> **Task brief**:
Only an exact copy belongs in the answer: the line with "Damskie Skórzane Botki" and every line after it through the end of the records, pictures left out.

> **Extracted material**:
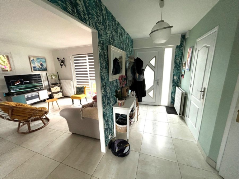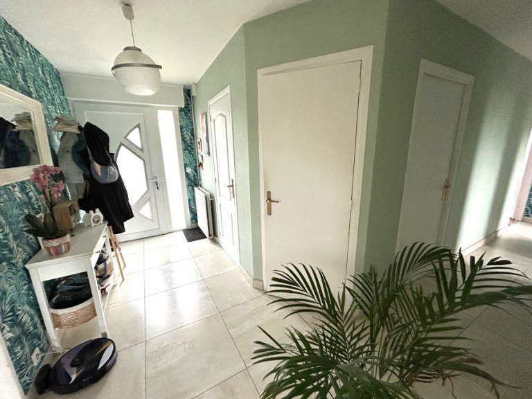 Situé en campagne amandinoise, très bon état pour ce plain pied individuel des années 80 rénové, bâti sur une parcelle de 947m² et développant 98,63m² habitables. Comprenant : hall d'entrée, WC avec lave-mains, placards de rangement, salon/séjour en L ouvert sur la cuisine équipée coin repas et comprenant poêle à bois. Cellier/buanderie, couloir, salle de bains avec vasque, baignoire et douche, 3 chambres. Ccgaz de ville, tout à l'égout en partie (raccordement à finaliser pour les WC), fibre, double vitrage PVC, volets roulants manuels et électriques. A l'extérieur : terrasse sur le côté, garage indépendant de 20m², jardin arboré. A visiter !!
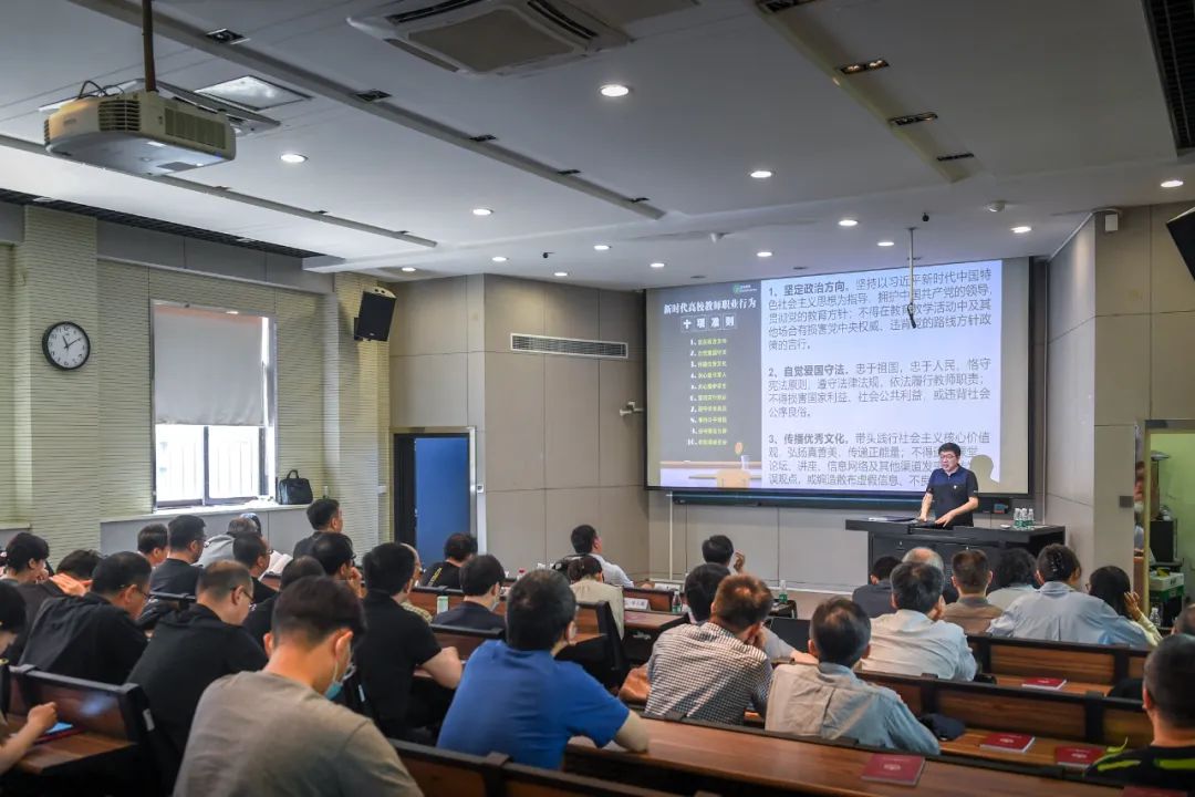 冷嘉伟书记传达了学校《关于开展2023年师德集中学习教育的通知》,带领全体教职工重温学习《新时代高校教师职业行为十项准则》,并领学了《好色tv 教师师德手册》等文件。会议强调,要把师德师风建设摆在更重要位置,抓牢抓实师德师风建设各项重点工作;要强化师德学习教育,做好教师政治理论学习工作,让教育者先受教育、让有信仰的人讲信仰;要坚持师德违规“零容忍”,做好教师精神引领。
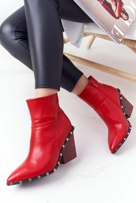 Damskie Skórzane Botki Na Słupku Maciejka Rude 04833-43
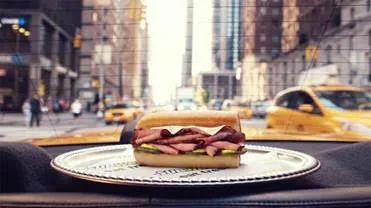 Inspired by New York, the sub combines tender cuts of beef with a peppery crust, American mustard, pickles and melted cheese.
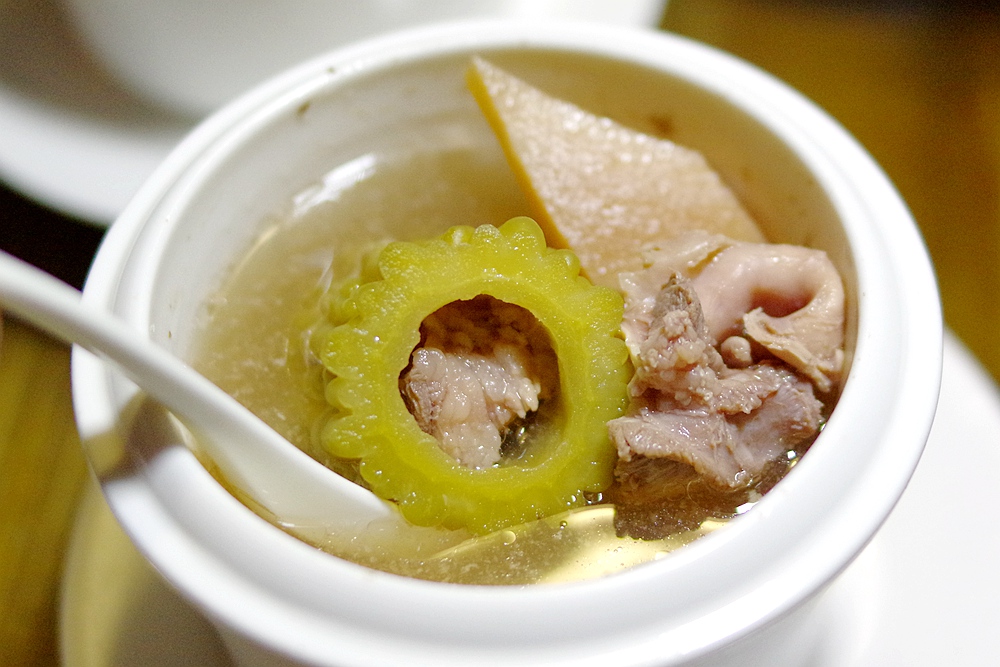 苦瓜螺片汤:这是一罐内容丰盛,回味悠长的汤。猪肝沿,肉茸和鲜螺片共同赋予了汤味醇厚的鲜美感觉,苦瓜的参与回甘效果明显,不同食材各自有滋有味性格鲜明。值得力荐!
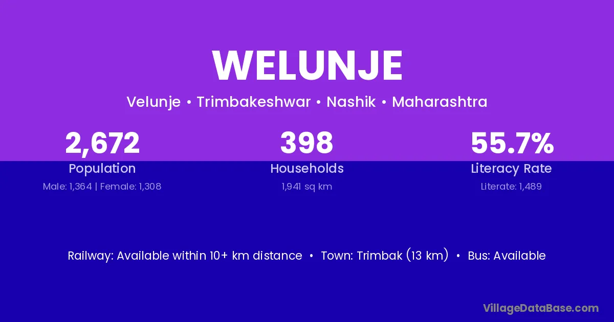 Trimbak (13 km) is the nearest town to Welunje village for major economic activities and is located approximately 13 km away.

> **Exercise response**:
 Damskie Skórzane Botki Na Słupku Maciejka Rude 04833-43
 Inspired by New York, the sub combines tender cuts of beef with a peppery crust, American mustard, pickles and melted cheese.
 苦瓜螺片汤:这是一罐内容丰盛,回味悠长的汤。猪肝沿,肉茸和鲜螺片共同赋予了汤味醇厚的鲜美感觉,苦瓜的参与回甘效果明显,不同食材各自有滋有味性格鲜明。值得力荐!
 Trimbak (13 km) is the nearest town to Welunje village for major economic activities and is located approximately 13 km away.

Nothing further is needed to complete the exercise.